Both cane shafts are still 4 feet long for now, but I think the plan for my next shop session is to start carving some designs on these, though I also have some handle shaping I could work on.
I don't know if you are keeping the "hand tool finish" look, but I often will use a half-pipe of PVC or a hole drilled through a 2x4, then halved as a radius sanding block to work down bumps on long round things.
A cane isn’t all that hard of a project. But I discovered a lot of things I had done in the wrong order when I made the one for myself back in 2016, and I’m trying to correct all of those and document things this time around.

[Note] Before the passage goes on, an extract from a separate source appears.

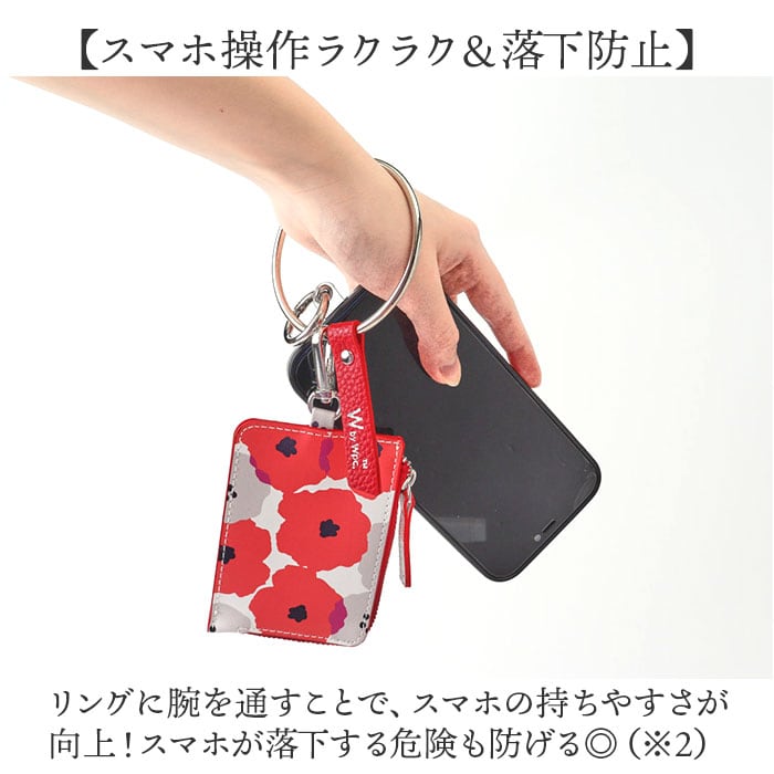 ・リングに腕を通すことで、スマホの持ちやすさが向上!スマホが落下する危険も防げる◎

I think I’m doing ok so far, though I can’t decide whether I should shape the handles or start carving the shafts today. But it’s a couple hours from when I can head out to the shop for the day, so I’ll hopefully figure it out.
Splint, I think I’m keeping a hand-tool finish, but with the carving I’m planning, there may be some sandpaper involved before I’m done yet, especially on the handle. But even working against the grain, I can get a pretty good finish with my shaves.
Steve, at an inch, I think you’ve dropped to supporting about 300# rather than 500 for an inch and a quarter. The strength goes up really fast once you get larger than an inch diameter. I see almost zero grain runout on the cane shafts, so that helps me believe they’ll be strong enough, but it would be horrible to have a cane snap on someone who’s depending on it.